* INSTRUCTIONS TO FOLLOW:
Below are entries with pictures in them. Output exactly the lines starting at the line with "兩會(huì)鋼鐵代表、委員名單" and ending at the line with "絵の具をつけたローラーを自由", both included, but not the pictures.

* SOURCE DATA:
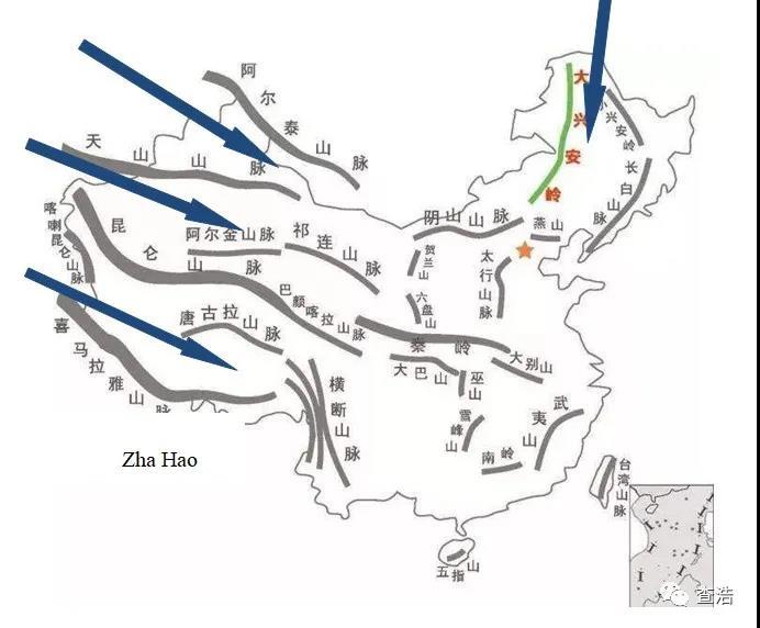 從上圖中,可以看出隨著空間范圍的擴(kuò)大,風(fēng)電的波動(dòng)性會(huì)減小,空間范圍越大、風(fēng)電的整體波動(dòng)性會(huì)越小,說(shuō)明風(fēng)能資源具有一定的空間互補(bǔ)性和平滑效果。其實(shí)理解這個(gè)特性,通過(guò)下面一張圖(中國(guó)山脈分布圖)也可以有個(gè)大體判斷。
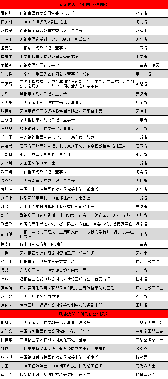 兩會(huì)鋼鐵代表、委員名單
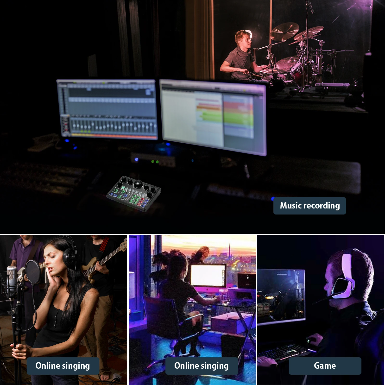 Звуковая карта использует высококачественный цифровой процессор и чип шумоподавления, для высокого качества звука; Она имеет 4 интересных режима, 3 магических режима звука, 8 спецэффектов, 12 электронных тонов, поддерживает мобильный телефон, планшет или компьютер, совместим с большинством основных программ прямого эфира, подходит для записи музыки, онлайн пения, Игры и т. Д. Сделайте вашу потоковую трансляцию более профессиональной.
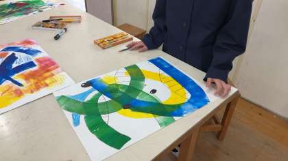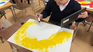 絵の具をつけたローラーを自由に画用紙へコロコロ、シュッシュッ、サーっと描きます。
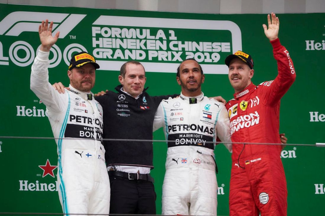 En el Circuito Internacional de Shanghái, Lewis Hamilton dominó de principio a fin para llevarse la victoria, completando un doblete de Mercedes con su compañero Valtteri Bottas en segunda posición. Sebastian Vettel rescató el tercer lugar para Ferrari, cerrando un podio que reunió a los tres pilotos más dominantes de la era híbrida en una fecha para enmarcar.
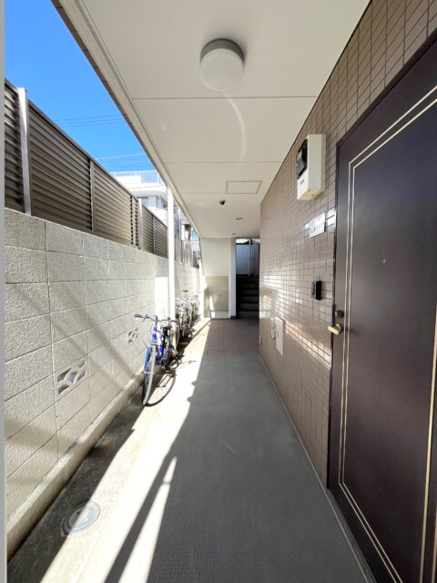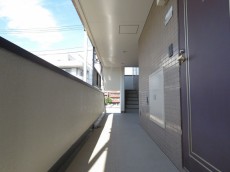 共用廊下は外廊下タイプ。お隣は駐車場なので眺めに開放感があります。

* RESULT OF THE EXERCISE:
 兩會(huì)鋼鐵代表、委員名單
 Звуковая карта использует высококачественный цифровой процессор и чип шумоподавления, для высокого качества звука; Она имеет 4 интересных режима, 3 магических режима звука, 8 спецэффектов, 12 электронных тонов, поддерживает мобильный телефон, планшет или компьютер, совместим с большинством основных программ прямого эфира, подходит для записи музыки, онлайн пения, Игры и т. Д. Сделайте вашу потоковую трансляцию более профессиональной.
 絵の具をつけたローラーを自由に画用紙へコロコロ、シュッシュッ、サーっと描きます。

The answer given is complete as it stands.